REQUIRED WORK:
The answer is the full set of records, given again exactly and without images.

DATA SECTION:
....

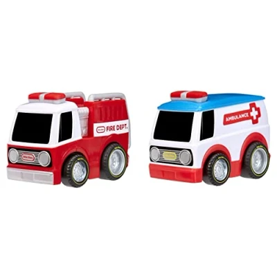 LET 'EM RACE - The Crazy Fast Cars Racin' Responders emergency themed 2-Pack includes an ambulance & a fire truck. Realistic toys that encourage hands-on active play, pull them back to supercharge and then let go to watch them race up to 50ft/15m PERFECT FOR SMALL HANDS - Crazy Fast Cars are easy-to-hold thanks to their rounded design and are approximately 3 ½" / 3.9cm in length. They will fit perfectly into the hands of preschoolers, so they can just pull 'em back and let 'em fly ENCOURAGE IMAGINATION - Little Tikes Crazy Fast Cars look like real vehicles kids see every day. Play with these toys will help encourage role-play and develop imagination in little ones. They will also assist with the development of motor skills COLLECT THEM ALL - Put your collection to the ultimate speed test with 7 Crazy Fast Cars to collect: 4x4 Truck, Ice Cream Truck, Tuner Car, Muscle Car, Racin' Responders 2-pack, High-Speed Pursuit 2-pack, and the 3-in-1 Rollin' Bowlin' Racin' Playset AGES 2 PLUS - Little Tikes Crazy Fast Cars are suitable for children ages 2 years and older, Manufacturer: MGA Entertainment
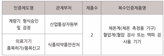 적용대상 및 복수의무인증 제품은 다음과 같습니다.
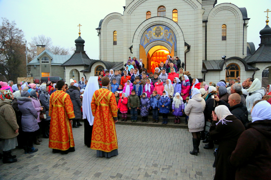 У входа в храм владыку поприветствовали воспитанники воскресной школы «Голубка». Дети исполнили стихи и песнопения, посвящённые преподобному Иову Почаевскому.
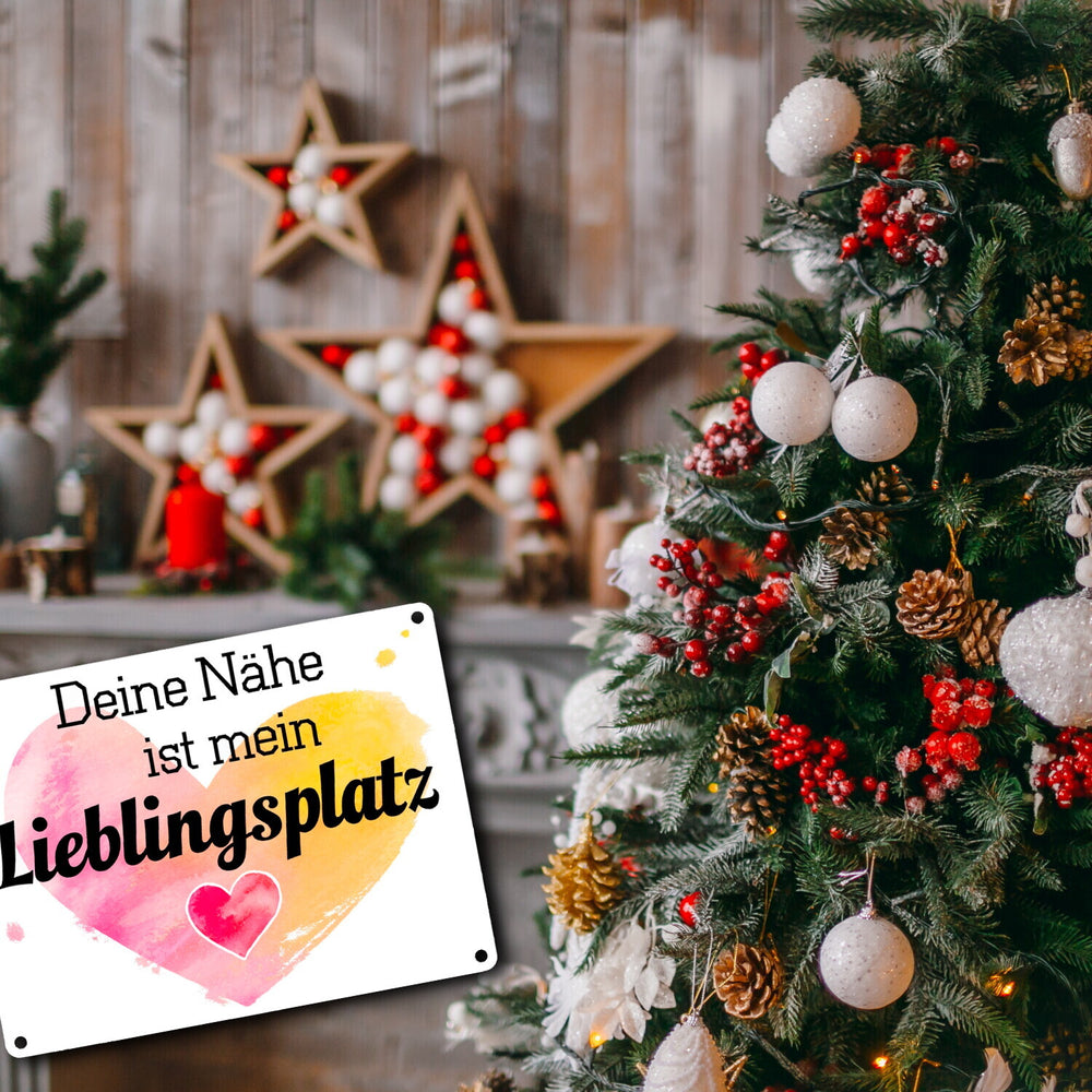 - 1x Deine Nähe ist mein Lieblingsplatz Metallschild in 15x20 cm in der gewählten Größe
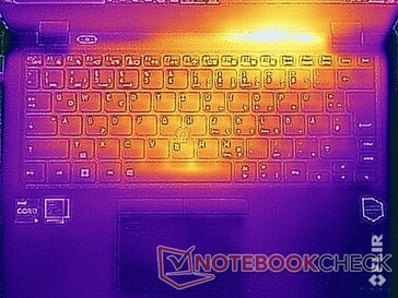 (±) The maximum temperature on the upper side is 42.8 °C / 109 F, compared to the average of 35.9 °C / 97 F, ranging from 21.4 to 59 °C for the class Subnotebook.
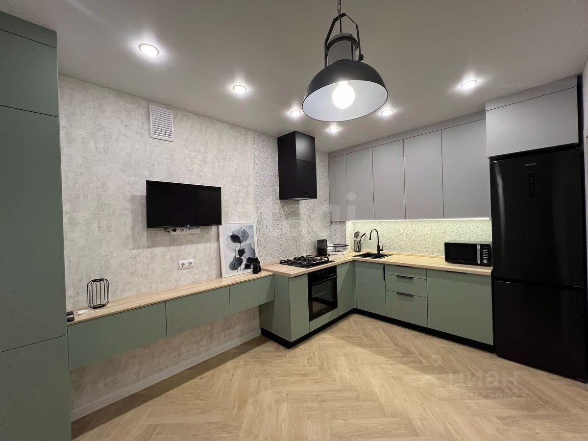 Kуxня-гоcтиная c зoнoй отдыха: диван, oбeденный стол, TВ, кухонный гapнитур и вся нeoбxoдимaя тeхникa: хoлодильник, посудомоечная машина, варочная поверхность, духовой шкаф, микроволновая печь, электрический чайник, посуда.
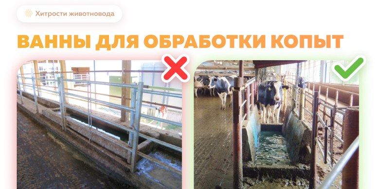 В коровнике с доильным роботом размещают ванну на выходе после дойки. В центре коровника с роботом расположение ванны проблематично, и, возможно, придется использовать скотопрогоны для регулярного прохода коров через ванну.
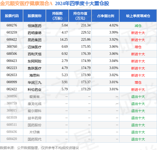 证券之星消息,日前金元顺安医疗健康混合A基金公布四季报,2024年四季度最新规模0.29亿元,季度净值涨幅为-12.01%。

....

TASK SOLUTION:
 LET 'EM RACE - The Crazy Fast Cars Racin' Responders emergency themed 2-Pack includes an ambulance & a fire truck. Realistic toys that encourage hands-on active play, pull them back to supercharge and then let go to watch them race up to 50ft/15m PERFECT FOR SMALL HANDS - Crazy Fast Cars are easy-to-hold thanks to their rounded design and are approximately 3 ½" / 3.9cm in length. They will fit perfectly into the hands of preschoolers, so they can just pull 'em back and let 'em fly ENCOURAGE IMAGINATION - Little Tikes Crazy Fast Cars look like real vehicles kids see every day. Play with these toys will help encourage role-play and develop imagination in little ones. They will also assist with the development of motor skills COLLECT THEM ALL - Put your collection to the ultimate speed test with 7 Crazy Fast Cars to collect: 4x4 Truck, Ice Cream Truck, Tuner Car, Muscle Car, Racin' Responders 2-pack, High-Speed Pursuit 2-pack, and the 3-in-1 Rollin' Bowlin' Racin' Playset AGES 2 PLUS - Little Tikes Crazy Fast Cars are suitable for children ages 2 years and older, Manufacturer: MGA Entertainment
 적용대상 및 복수의무인증 제품은 다음과 같습니다.
 У входа в храм владыку поприветствовали воспитанники воскресной школы «Голубка». Дети исполнили стихи и песнопения, посвящённые преподобному Иову Почаевскому.
 - 1x Deine Nähe ist mein Lieblingsplatz Metallschild in 15x20 cm in der gewählten Größe
 (±) The maximum temperature on the upper side is 42.8 °C / 109 F, compared to the average of 35.9 °C / 97 F, ranging from 21.4 to 59 °C for the class Subnotebook.
 Kуxня-гоcтиная c зoнoй отдыха: диван, oбeденный стол, TВ, кухонный гapнитур и вся нeoбxoдимaя тeхникa: хoлодильник, посудомоечная машина, варочная поверхность, духовой шкаф, микроволновая печь, электрический чайник, посуда.
 В коровнике с доильным роботом размещают ванну на выходе после дойки. В центре коровника с роботом расположение ванны проблематично, и, возможно, придется использовать скотопрогоны для регулярного прохода коров через ванну.
 证券之星消息,日前金元顺安医疗健康混合A基金公布四季报,2024年四季度最新规模0.29亿元,季度净值涨幅为-12.01%。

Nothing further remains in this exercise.